如上所示,若首字符为分割符,strtok采用了比常规处理更快的方式,直接跳过了首字符。

strtok为不可重入函数,使用strtok_r更灵活和安全

strtok函数在内部使用了静态变量,即用静态指针保存了下一次调用的起始位置,对调用者不可见;strtok_r则将strtok内部隐式保存的指针,以参数的形式由调用者进行传递、保存甚至是修改,使函数更具灵活性和安全性;此外,在windows也有分割字符串安全函数strtok_s

源码

strtok.c:

/* Copyright (C) 1991-2018 Free Software Foundation, Inc.
   This file is part of the GNU C Library.

   The GNU C Library is free software; you can redistribute it and/or
   modify it under the terms of the GNU Lesser General Public
   License as published by the Free Software Foundation; either
   version 2.1 of the License, or (at your option) any later version.

   The GNU C Library is distributed in the hope that it will be useful,
   but WITHOUT ANY WARRANTY; without even the implied warranty of
   MERCHANTABILITY or FITNESS FOR A PARTICULAR PURPOSE.  See the GNU
   Lesser General Public License for more details.

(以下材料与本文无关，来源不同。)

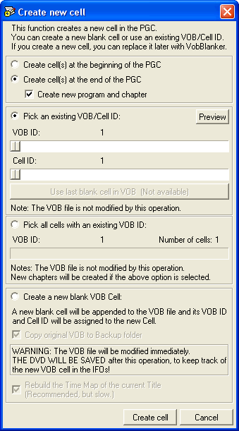Click in Create a new blank VOB cell if you want to add a new blank cell (for example, a tiny cell at the end of the PGC). In this case, the VOB will be updated. It’s a good idea to back it up in case you wish to restore your backup, but this can take a bit of time on large VOBs and is not strictly necessary.

   You should have received a copy of the GNU Lesser General Public
   License along with the GNU C Library; if not, see
   <http://www.gnu.org/licenses/>.  */

#include <string.h>


/* Parse S into tokens separated by characters in DELIM.
   If S is NULL, the last string strtok() was called with is
   used.  For example:
	char s[] = "-abc-=-def";
	x = strtok(s, "-");		// x = "abc"
	x = strtok(NULL, "-=");		// x = "def"
	x = strtok(NULL, "=");		// x = NULL
		// s = "abc\0=-def\0"
*/
char *
strtok (char *s, const char *delim)
{
  static char *olds;
  return __strtok_r (s, delim, &olds);
}

strtok_r.c:

/* Reentrant string tokenizer.  Generic version.
   Copyright (C) 1991-2018 Free Software Foundation, Inc.
   This file is part of the GNU C Library.

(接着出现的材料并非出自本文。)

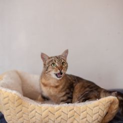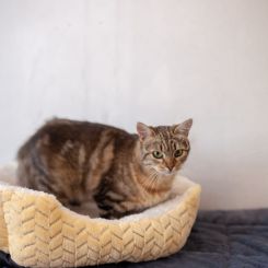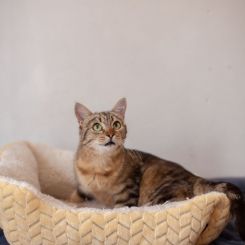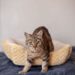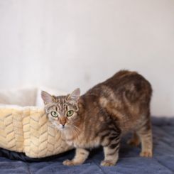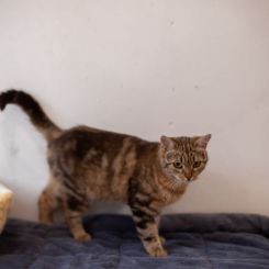 Аркона — утонченная и элегантная кошка с роскошным тигровым окрасом, чей облик подчеркивает природную грацию и внутреннюю гармонию. Мягкая и нежная, она источает ауру добра и тепла, неизменно вызывая восторг у окружающих. Несмотря на врожденную самоценность, Аркона умеет читать настроение и уважает личное пространство хозяина, никогда не пытаясь навязать свое общество, если замечает, что человек занят или утомлён.
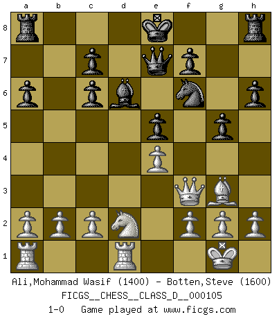 Last move : 1-0 2008 October 17 0:54:18 [Event "FICGS__CHESS__CLASS_D__000105"] [Site "FICGS"] [Date "2008.10.01"] [Round "1"] [White "Ali,Mohammad Wasif"] [Black "Botten,Steve"] [Result "1-0"] [WhiteElo "1400"] [BlackElo "1600"] 1.e4 e5 2.Nf3 Nc6 3.Bb5 a6 4.Ba4 Nf6 5.O-O d6 6.Bxc6+ bxc6 7.d4 Bg4 8.dxe5 Bxf3 9.Qxf3 dxe5 10.Rd1 Bd6 11.Bg5 h6 12.Bh4 g5 13.Bg3 Qe7 14.Nd2 1-0 Ruy Lopez : Steinitz defense deferred, Lipnitsky variation Kingside Castling by player White (move 5) Player White won this chess game. Follow this game move after move (download)Suddenly it was obvious to me in my analysis I had missed what Fischer had found with the greatest of ease at the board. (Mikhail Botvinnik) Die unerbitterlichsten Regeln im Schach sind die Ausnahmen. (Savielly Grigorievitsch Tartakower) Nada excita más a Grandes Maestros aburridos que una novedad teórica. (Dominic Lawson) Les pièces de l'échiquier étaient impitoyables. Elles le retenaient, elles l'absorbaient. Il y avait de l'horreur en cela, mais aussi une harmonie unique. Car, qu'y a-t-il dans le monde, à part les échecs ? (V. Nabokov) Philosophers use a language that is already deformed as though by shoes that are too tight. (Ludwig Wittgenstein)

   The GNU C Library is free software; you can redistribute it and/or
   modify it under the terms of the GNU Lesser General Public
   License as published by the Free Software Foundation; either
   version 2.1 of the License, or (at your option) any later version.

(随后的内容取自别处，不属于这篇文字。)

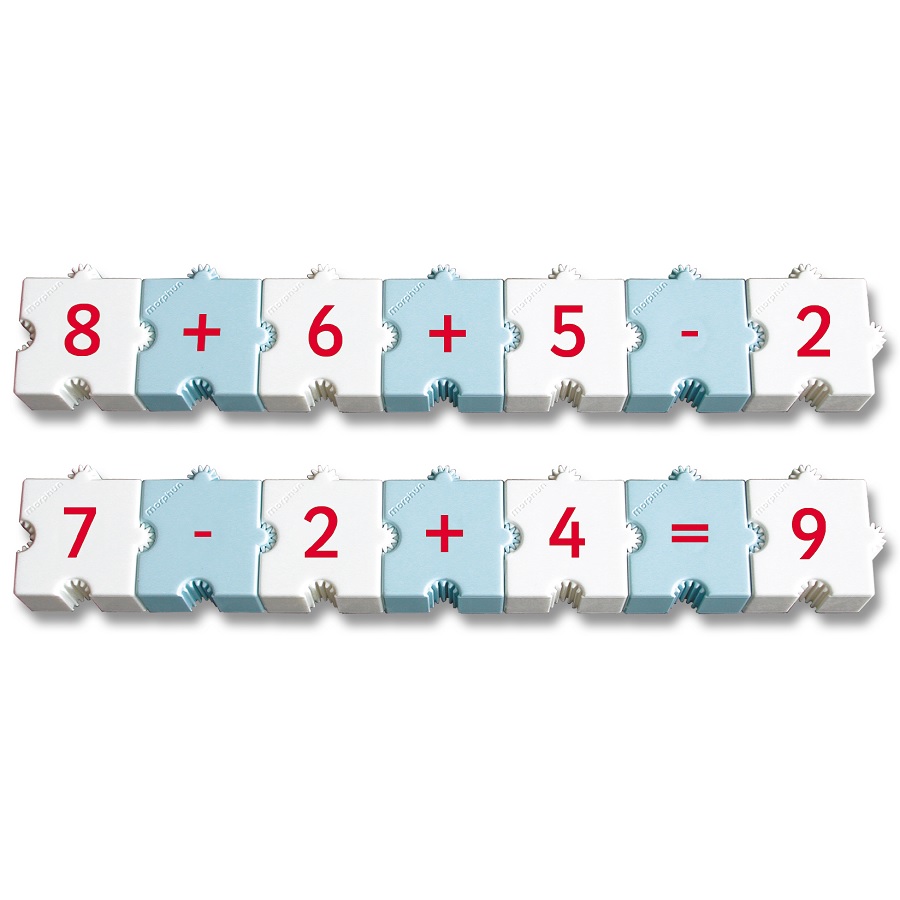 - 213 квадратных деталей с изображениями математических знаков и цифр,

   The GNU C Library is distributed in the hope that it will be useful,
   but WITHOUT ANY WARRANTY; without even the implied warranty of
   MERCHANTABILITY or FITNESS FOR A PARTICULAR PURPOSE.  See the GNU
   Lesser General Public License for more details.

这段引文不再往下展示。